Has the Obama administration pivoted on energy policy? During today's OnPoint, Joshua Freed, director of the clean energy program at Third Way, explains why he believes the president's new course on energy appeals to the majority of Americans. He also discusses the chief hurdles to moving an energy package through Congress this year.
Monica Trauzzi: Hello and welcome to OnPoint. I'm Monica Trauzzi. Joining me today is Josh Freed, director of the Clean Energy Program at Third Way. Josh, thanks for coming on the show.
Joshua Freed: Thank you for having me.
Monica Trauzzi: Josh, President Obama recently laid out a new strategy on energy. Did Obama make a real pivot on his energy policy goals and did he sort of change the landscape for where the energy policy discussion needs to go this year?
Joshua Freed: That was his intention I think. He has been doing that for the last three years and it was the right time to have the adult conversation on energy, both on the transportation side and the electricity side, that we've needed for the last 40 years. Every time gas prices go up politicians come out and stand before the cameras and say we need to release the Strategic Petroleum Reserve or suspend the gas tax. And President Obama said, correctly, the short term solutions aren't going to have an effect on the price at the pump. We need to move off of particularly foreign oil and we also need, over the long-term, to change the way we generate electricity because we're ultimately going to create, use electric vehicles. If these serious conversation that might not score points with political consultants, but the American people want to hear.
Monica Trauzzi: Right and many people said the speech was a miss because he sort of tried to go too much to the center.
Joshua Freed: Yeah.
Monica Trauzzi: And didn't please enough people. What was your take on the politics of it?
Joshua Freed: It's surprising that the center is where most of the country actually is. It doesn't resonate with the base of either the Republican Party or the base of the Democratic Party, but it's pragmatic. And the American public, they really want pragmatic solutions, particularly when they pull out their credit card and see that gas is 40, $45 to fill up the tank at this point.
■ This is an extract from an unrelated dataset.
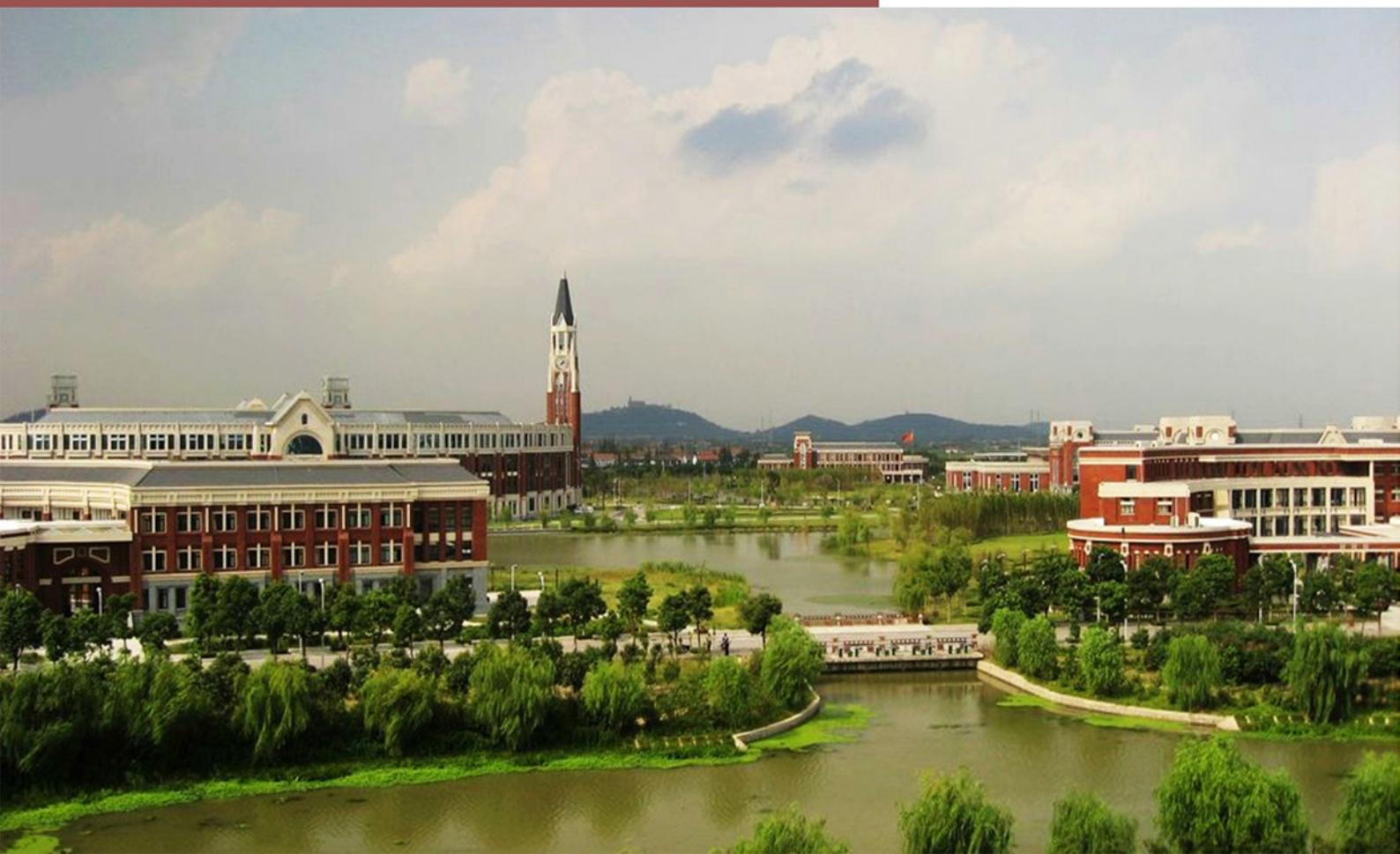
ECUPL SONGJIANG CAMPUS

Monica Trauzzi: But is this a pragmatic solution when we're talking about certain technologies that are still expensive, that are still going to require incentives?
Joshua Freed: It is, because, as those technologies get deployed and commercialized, the price will come down. It's bringing it to scale. But it also, it's a different explanation than what you usually hear. We had the same debate two years ago during the 2008 presidential election. Senator McCain wanted to suspend the gas tax. President, then-Senator Obama, said, 'Look, that's not going to really have an impact. We need to do much more serious, much more long-term things.' He's following through on a campaign promise.
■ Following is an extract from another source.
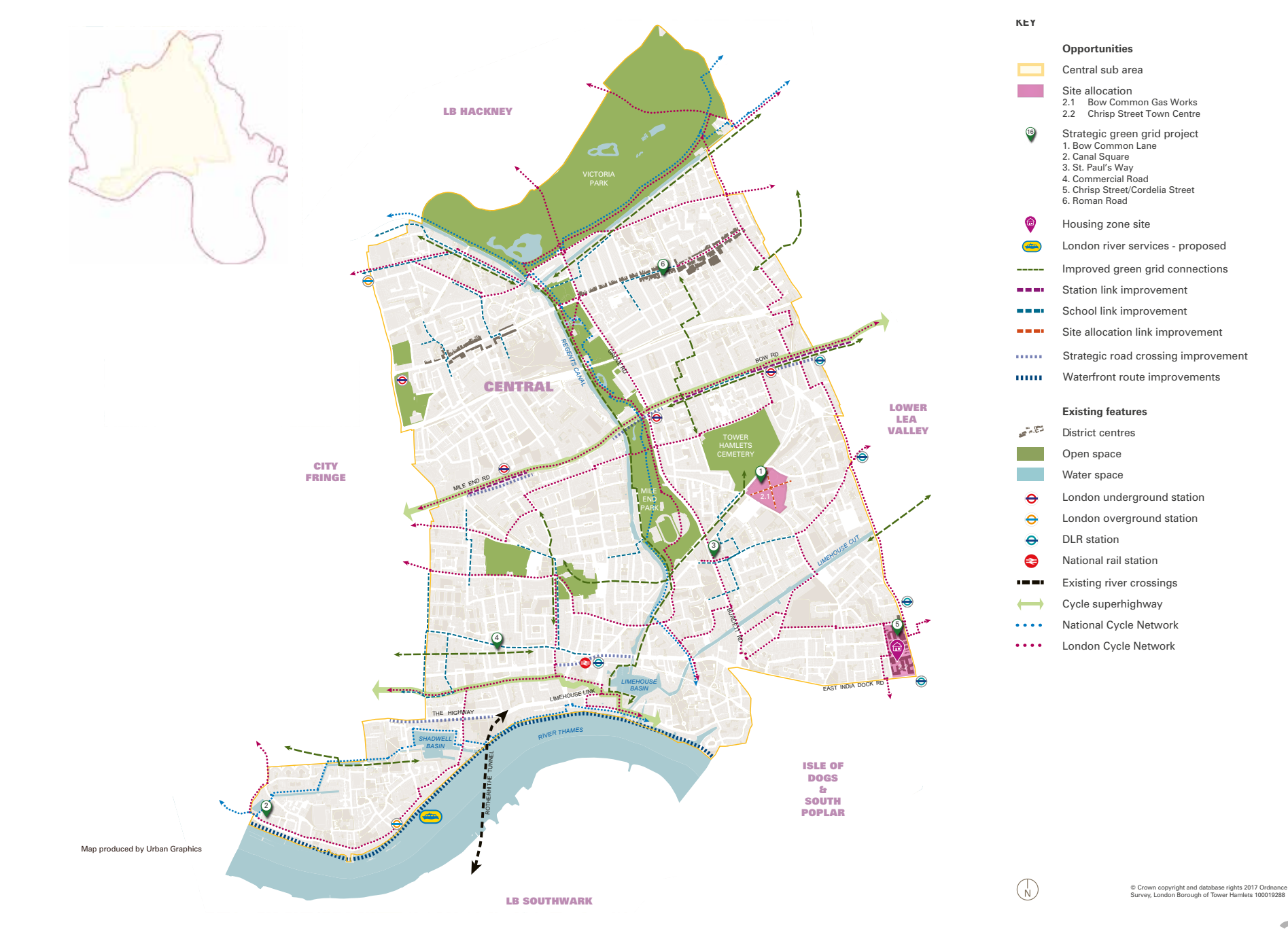
Figure 27: Vision for Central

Monica Trauzzi: Do you take the fact that he did not mention the Clean Air Act regulations as a sign that he may sign something if it comes to his desk, if Congress is able to pass something that stops EPA from acting.
Joshua Freed: I took it as the fact that he's looking forward at what else Congress and the administration can do, rather than something that the administration is already doing. I think also when you start debating the Clean Air Act and whether Congress will or will not strip it, it gets a little too wonky for a speech in front of college students.
Monica Trauzzi: All right, so the president we know wants a clean energy standard.
Joshua Freed: Yes.
Monica Trauzzi: But what about Congress? What about the committees? Do you see any traction in the committees on moving forward on a clean energy standard?
Joshua Freed: This is a process that's going to have to build block by block. So Senators Bingaman and Murkowski submitting the white paper for comment by everyone from industry to advocates to provide suggestions on what a clean energy standard would look like is a really smart idea. It's starting to build consensus from the beginning. We also talked to a lot of Senators. I think there are as many as a dozen Democrats and Republicans we're working with that are interested in it. More importantly, the business community is interested in it. They want certainty. They want a path to deploy clean energy and right now there isn't one.
Monica Trauzzi: And one of the big questions in the clean energy standard is what role natural gas should play.
Joshua Freed: Yes.
Monica Trauzzi: It's really about finding that sweet spot for natural gas. What percentage should it play in a clean energy standard?
Joshua Freed: Well, that's one of the hundred thousand dollar or several billion-dollar questions we're going to have to answer. We don't know yet. We think that it needs to play an important role, but the question that we and many others advocating for a clean energy standard are trying to determine right now is how do you ensure that natural gas plays a big role, but that there's also an important place for efficiency, deployment of renewables, and the deployment of the new nuclear we need.
Monica Trauzzi: How is the context for the future of nuclear changed as a result of the Japanese Fukushima incident?
Joshua Freed: I think we still have to see. Certainly the NRC is taking the steps they need to take now to ensure there's continued safety of our current fleet and that we build into any new reactors safety lessons we've learned from Fukushima. However, we haven't seen a real loss of support on Capitol Hill for deploying new nuclear, because it is zero carbon emission energy.
Monica Trauzzi: OK, we'll end it right there. Thank you for coming on the show, nice to see you.
Joshua Freed: Fantastic.
Monica Trauzzi: And thanks for watching. We'll see you back here tomorrow.